Wednesday, March 21, 2012

The Thesis Statement

The thesis statement is the thing one is trying to prove in a written piece of persuasion. The thesis statement is used in reports that take a position, literary analysis, themes, critiques, and essays that answer questions. The opening paragraph of a persuasive written work, while beginning with a hook, the question, subject or work at hand, and any background necessary for understanding, should end in a well-formed thesis statement.
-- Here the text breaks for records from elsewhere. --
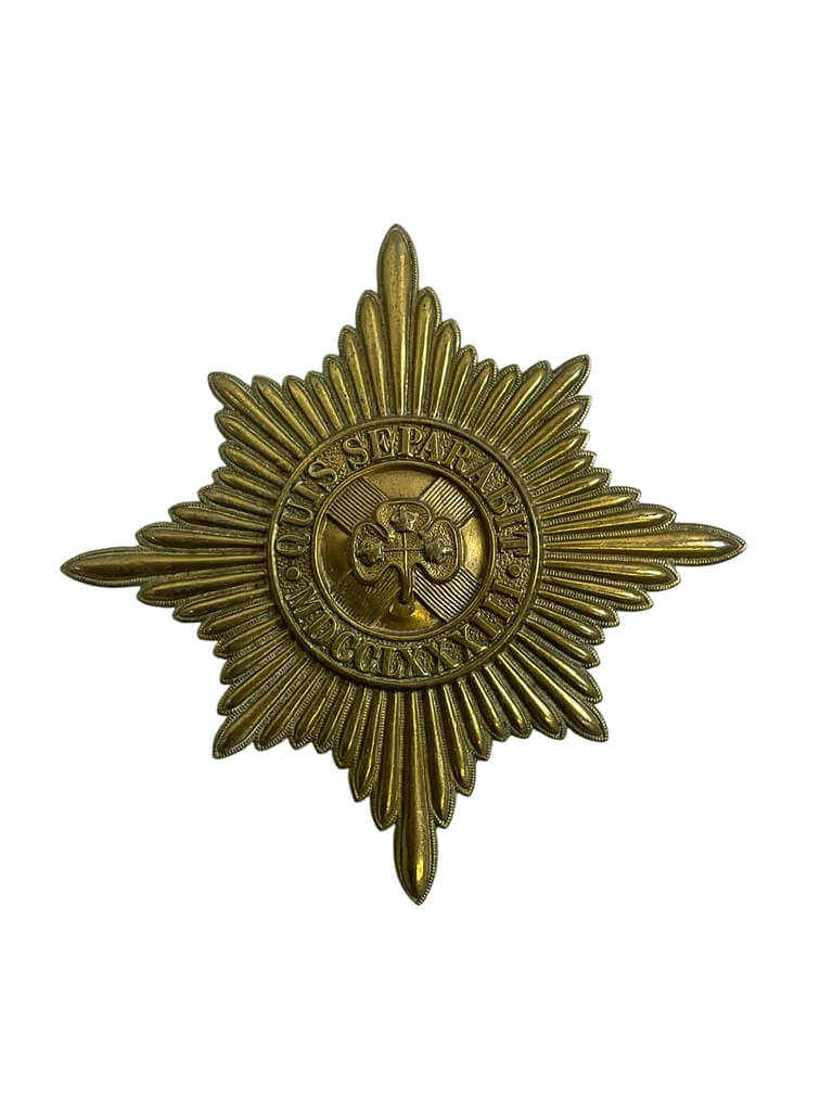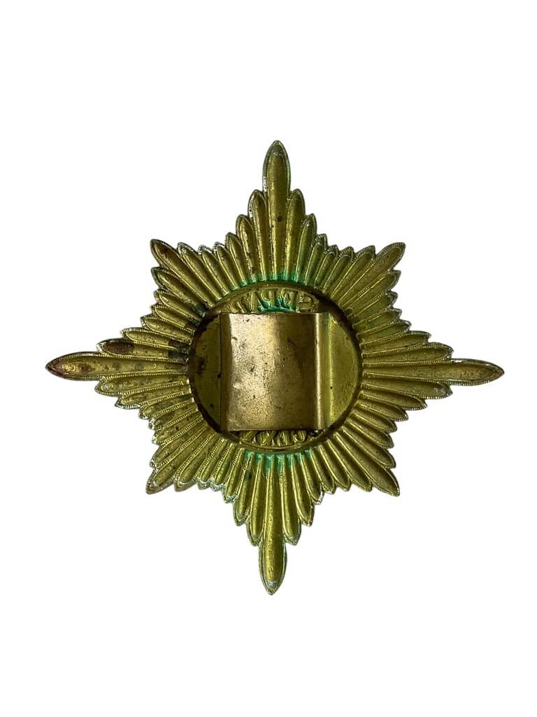 The ‘British Irish Guards Valise Pouch Badge’ is an exquisite piece of military insignia. It’s a distinctive emblem associated with one of the Foot Guards regiments of the British Army. This badge, often fixed onto a valise pouch, represents the Irish Guards’ rich history and honor. The design typically features a star of the Order of St Patrick, the national order of chivalry associated with Ireland. At the center, it usually showcases the royal cypher of the reigning monarch, surrounded by a blue circle inscribed with ‘Quis Separabit’ – the Irish Guards’ motto meaning ‘Who will separate us’. This badge is a cherished item for collectors and military enthusiasts alike, often signifying a deep respect for the British military and Irish Guards. It serves as a wonderful tribute to the brave soldiers who have served in this prestigious regiment.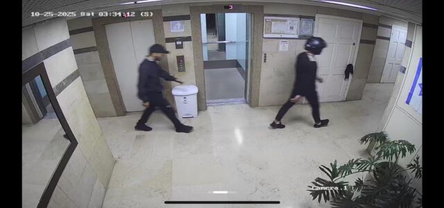 בשעות הלילה המאוחרות, בסביבות השעה 3:30, פרצו שני גנבים לחניון בבניין ברחוב אוסקר שינדלר בבת ים. השניים הצליחו לפרוץ את דלת הכניסה ולגנוב רכוש פרטי מתוך החניון – כל זאת בזמן שהתושבים ישנו בבתיהם.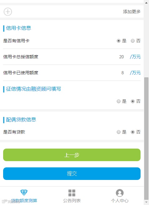 2、注意:征信情况由融资顾问填写,以免出错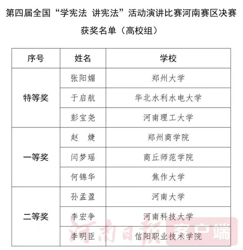 今年6月以來,河南省教育廳組織開展了第四屆全省學生“學憲法 講憲法”活動,以“弘揚憲法精神 禮贊我的祖國”為主題,此次活動分為演講比賽和知識競賽兩項賽事,分別設置小學組、初中組、高中組(含中職)和高校組四個組別。前期經過各地市、各學校精心組織,層層選拔,最終117名選手參加省級決賽?! ?/span>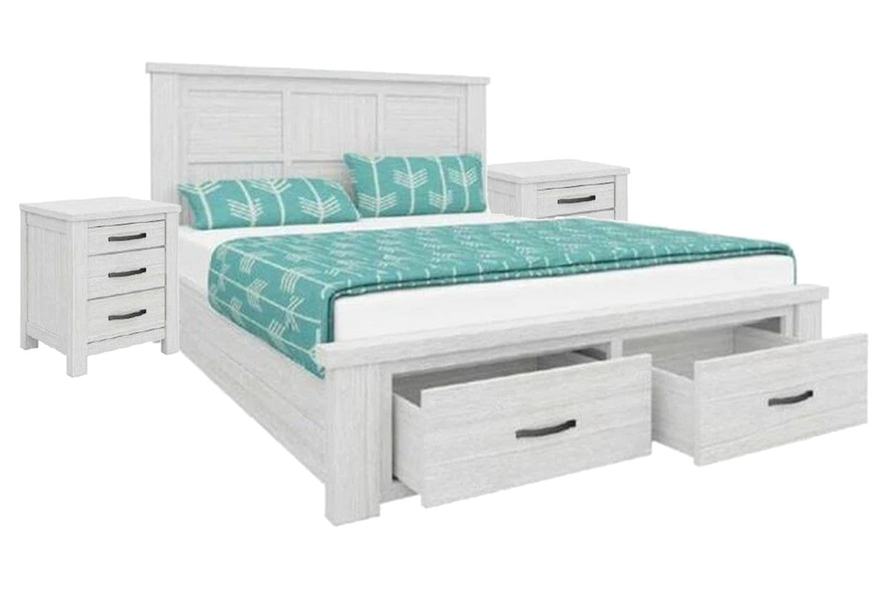 MILDRED DOUBLE OR QUEEN 3 PIECE BEDSIDE BEDROOM SUITE (6-12-15-9-14-1) - WHITE WASH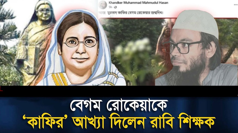 নারী জাগরণ ও নারী অধিকার আন্দোলনের অগ্রদূত বেগম রোকেয়া সাখাওয়াত হোসেনকে ‘মুরতাদ কাফের’ আখ্যা দিয়েছেন রাজশাহী বিশ্ববিদ্যালয়ের (রাবি) পদার্থবিজ্ঞান বিভাগের সহযোগী অধ্যাপক খন্দকার মোহাম্মদ মাহমুদুল হাসান।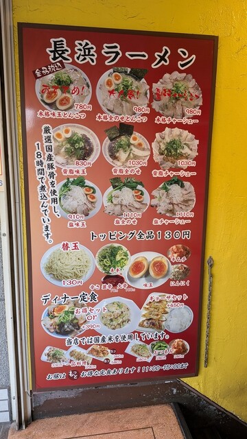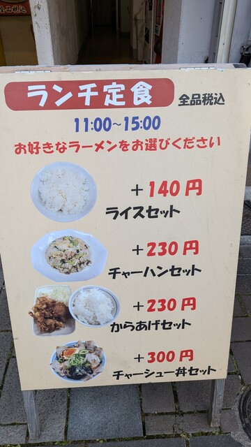 店前にランチセットの立て看板、階段横の壁にラーメンメニュー

The thesis statement is the “Pow!” of the opening argument of a case. Every persuasive written piece has the sense of a court case with the opening statement, evidence, and concluding statement.
The easy way to construct a thesis statement is to utilize the following phrase as “training wheels” to guide what you will say in your thesis: “In this essay I will prove . . .” In other words, the thesis statement states what you will bring evidence in to prove a persuasively written piece. For example, if you fill in the guide with “In this essay I will prove racism is wrong,” your thesis is: “Racism is wrong.” A thesis is a soapbox to stand on and one should kick off the training wheels once one understands what it is they are trying to say.
If a person is trying to write the classic five paragraph essay, s/he can add three pieces of evidence—one for each body paragraph—to the statement they have developed as the thing they are trying to prove. For example, “Racism is wrong because it often causes violence, hurts other people’s feelings, and leaves people out.” If I were reading this thesis at the end of an introductory paragraph, I would expect to read about the violence racism causes in the next paragraph, the third paragraph (second body paragraph) would be about how racism damages emotions, the fourth paragraph (third body paragraph) would be about how racism excludes people. The essay would then end in a concluding paragraph.